(STUDY MATERIAL begins)

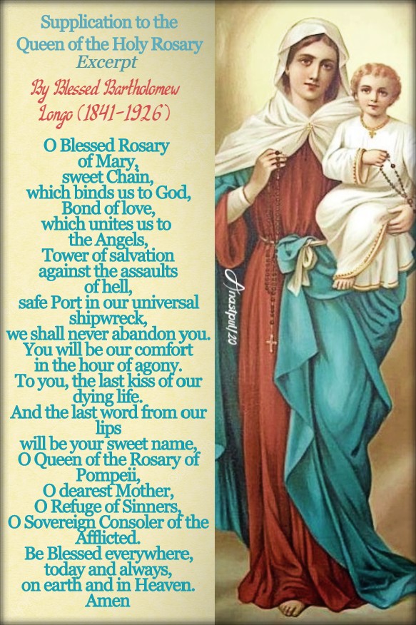 Excerpt from the Petition to Our Lady of the Rosary of Pompeii also known as Supplication to the Queen of the Holy Rosary By Blessed Bartholomew Longo (1841-1926) Apostle of the Holy Rosary
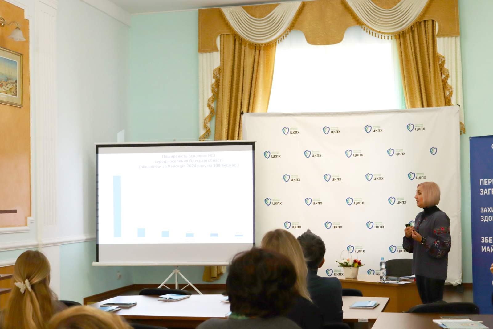 Центр представляла Тетяна Дорошенко, заступниця генерального директора Центру, яка поділилася досягненнями установи та розповіла про виклики, з якими вони стикаються у своїй роботі. Вона також окреслила шляхи їх подолання, зокрема, наголосивши на необхідності розробки спільної комунікаційної стратегії для профілактики неінфекційних захворювань в Одеській області.
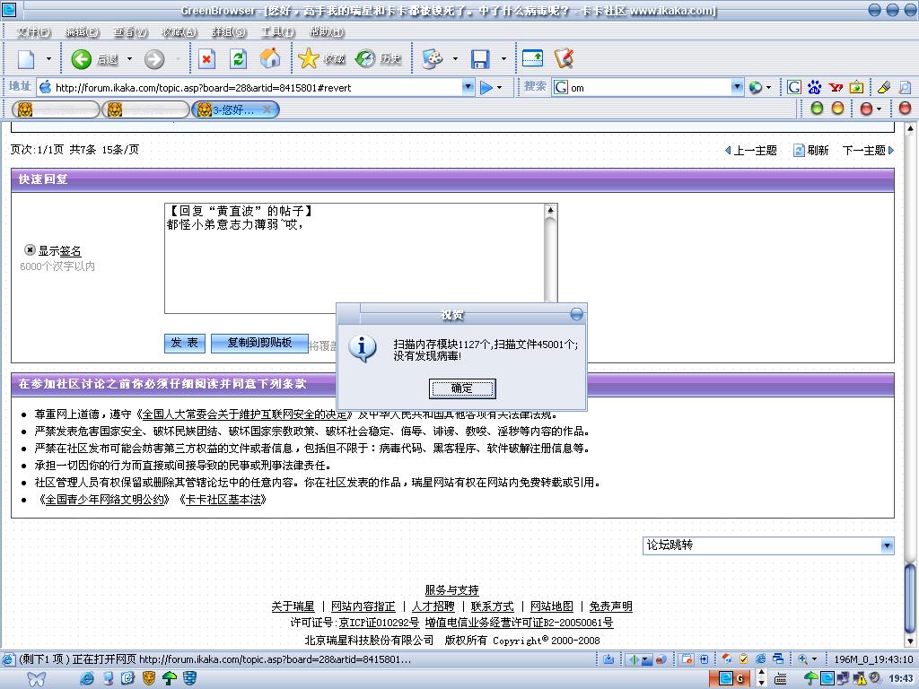 瑞星卡卡安全论坛技术交流区反病毒/反流氓软件论坛 您好,高手我的瑞星和卡卡都被锁死了。中了什么病毒呢?
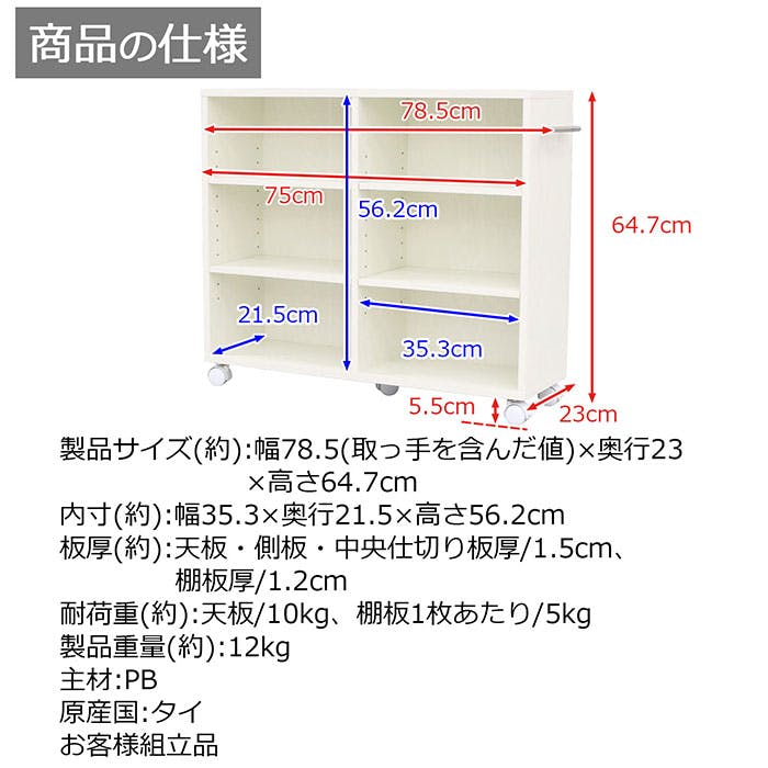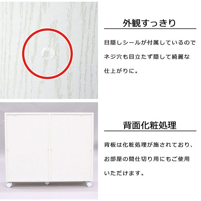 ワゴン本体を支えるキャスターは5個のうち2個がストッパー付きで、ワゴンの位置を固定できます。ネジ穴を隠すための目隠しシールが付属しておりますので、綺麗な仕上がりでお部屋に設置していただけます。背面の背板は化粧処理が施されております。お部屋の間仕切りとしても使用できるため、レイアウトの幅が広がります。各収納物の収納可能数(目安)●少年コミックス(新書判)/約96~132冊●CDケース/約204~396枚DVDケース/約132~336枚
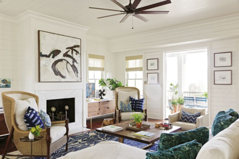 Visiting Lynne and Steve Hamontree today, it’s easy to get the impression they’ve been happily settled in their Sullivan’s Island abode since forever. In the airy second-floor living room, Lynne tucks into her favorite chair—one of two sculptural egg-shaped numbers by McGuire that ooze Bohemian chic—and talks excitedly about the room’s design, zeroing in on a newly acquired painting that hangs nearby. “It’s by Kim Frohsin, a Bay Area artist and one of my idols,” she gushes. That’s serious praise coming from Lynne, a noted artist herself who recently landed a deal with Serena & Lily—this fall, the posh retailer will carry a run of her ink line paintings of nude figures. Ask husband Steve, a California-raised surfer who loves the laid-back culture and cresting waves of his home state, to point out the house’s best features, and he might direct you to the screened-in porch, where you can catch the ocean breeze, or the entryway, where one of his boards is displayed as art. Either way, the residence, with its cool coastal palette and art-filled rooms, is a thoughtful reflection of its owners, right down to the surf books piled on the coffee table. But it wasn’t always this way. The couple is on the tail end of a two-year interior overhaul—led by area design pro Cortney Bishop—that helped them turn a spec home into the uber-personalized oasis of their dreams.
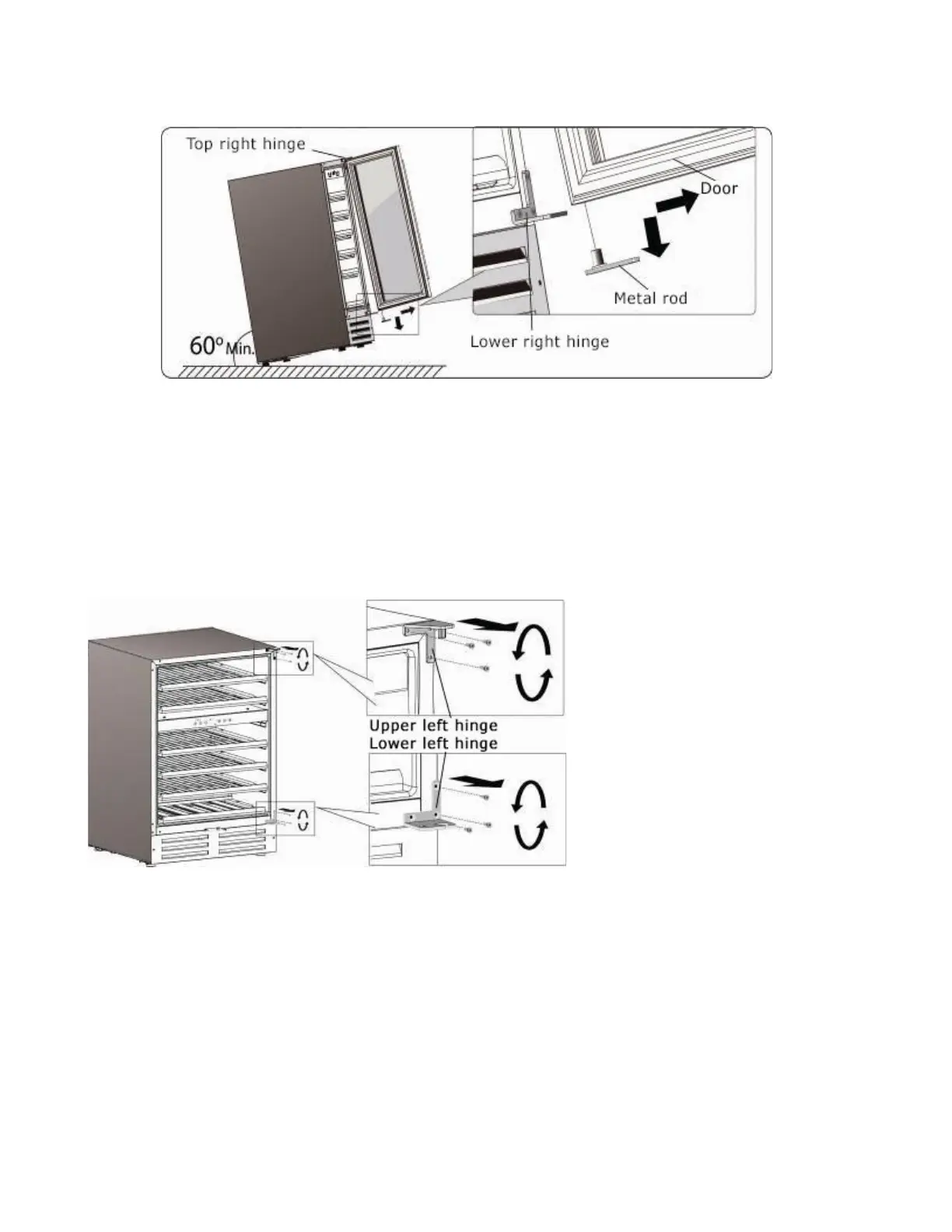 (locking hole) of the door and insert it into the lower center hole, rotate the door 180

(STUDY MATERIAL ends)

*EXERCISE OBJECTIVE:*
Make an exact copy of the data, leaving its pictures out.

*EXERCISE SOLUTION:*
 Excerpt from the Petition to Our Lady of the Rosary of Pompeii also known as Supplication to the Queen of the Holy Rosary By Blessed Bartholomew Longo (1841-1926) Apostle of the Holy Rosary
 Центр представляла Тетяна Дорошенко, заступниця генерального директора Центру, яка поділилася досягненнями установи та розповіла про виклики, з якими вони стикаються у своїй роботі. Вона також окреслила шляхи їх подолання, зокрема, наголосивши на необхідності розробки спільної комунікаційної стратегії для профілактики неінфекційних захворювань в Одеській області.
 瑞星卡卡安全论坛技术交流区反病毒/反流氓软件论坛 您好,高手我的瑞星和卡卡都被锁死了。中了什么病毒呢?
 ワゴン本体を支えるキャスターは5個のうち2個がストッパー付きで、ワゴンの位置を固定できます。ネジ穴を隠すための目隠しシールが付属しておりますので、綺麗な仕上がりでお部屋に設置していただけます。背面の背板は化粧処理が施されております。お部屋の間仕切りとしても使用できるため、レイアウトの幅が広がります。各収納物の収納可能数(目安)●少年コミックス(新書判)/約96~132冊●CDケース/約204~396枚DVDケース/約132~336枚
 Visiting Lynne and Steve Hamontree today, it’s easy to get the impression they’ve been happily settled in their Sullivan’s Island abode since forever. In the airy second-floor living room, Lynne tucks into her favorite chair—one of two sculptural egg-shaped numbers by McGuire that ooze Bohemian chic—and talks excitedly about the room’s design, zeroing in on a newly acquired painting that hangs nearby. “It’s by Kim Frohsin, a Bay Area artist and one of my idols,” she gushes. That’s serious praise coming from Lynne, a noted artist herself who recently landed a deal with Serena & Lily—this fall, the posh retailer will carry a run of her ink line paintings of nude figures. Ask husband Steve, a California-raised surfer who loves the laid-back culture and cresting waves of his home state, to point out the house’s best features, and he might direct you to the screened-in porch, where you can catch the ocean breeze, or the entryway, where one of his boards is displayed as art. Either way, the residence, with its cool coastal palette and art-filled rooms, is a thoughtful reflection of its owners, right down to the surf books piled on the coffee table. But it wasn’t always this way. The couple is on the tail end of a two-year interior overhaul—led by area design pro Cortney Bishop—that helped them turn a spec home into the uber-personalized oasis of their dreams.
 (locking hole) of the door and insert it into the lower center hole, rotate the door 180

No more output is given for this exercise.